From the treeline behind us, robins cheered the kids on as they made their way to the houses. Mourning doves zipped and bobbed across the field as if to tempt fate as the shooters took their aim. The occasional gopher pressed his luck as he popped out from his hole along the cinderblock walls around the trap thrower. All the natural world seemed to join the young shooters in shedding the last of winter’s trappings as tee shirts and shorts replaced the shooters’ heavy jackets and coveralls from previous weeks, and four layers of clothing quickly melted down to one for most taking part in our second-to-last shoot of the regular season.
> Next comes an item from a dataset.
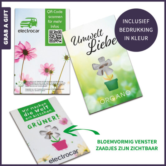 De wenskaart wordt volledig naar wens bedrukt met jouw logo, campagne of reclameboodschap. Ontwerp je eigen zaadkaartje met kijkvenster of vraag onze creatieve ontwerpster om hulp! Als wij het de kaart met bloemzaadjes mogen ontwerpen, hoef je alleen maar je wensen door te geven, zodat we jouw ideeën vakkundig kunnen uitwerken.

With the great conditions, came great scores. Up and down the line, scores of 23 and 24 became common as guns mounted snugly to shoulders and the kids smashed the tiny orange domes as if they were slow-floating garbage can lids hanging in the air, unmoved by the gusts which had disappeared into the near-nightmarish memories from previous weeks before. Soon, the veteran shooters found their mark and two perfect rounds of 25 went up. In the following flight, another one and then another in the third flight and the fourth.

Confidence beamed from nearly every participant as they rolled off the line, sharing their success with family members watching from the hillside vantage points on blankets and folding chairs. Fist bumps that made actual knuckle contact, instead of the soft thud through winter gloves, were the celebration of choice as scores soared into the 20s for many and most participants were able to shoot what remained of the light spring breeze with their teammates and coaches, instead of hustling into the clubhouse or back to their parent’s car to get warm.

In this season formerly known as spring, I’ve fished open water in wind, rain and snow; I’ve stood on icy banks to chase lazy pike with the fly rod in the first melt with red-white knuckles and I’ve borne the wrath of northeast winds on the same green traphouses waiting for the day when a jacket and stocking cap wasn’t a requirement along with my ear plugs and safety glasses.

For a handful of the shooters it was as perfect as their scores, and for dozens more it was near perfect. For me though, it was as good as it has been all season and an ideal reminder of the good things that can come on a warm spring day…in our outdoors.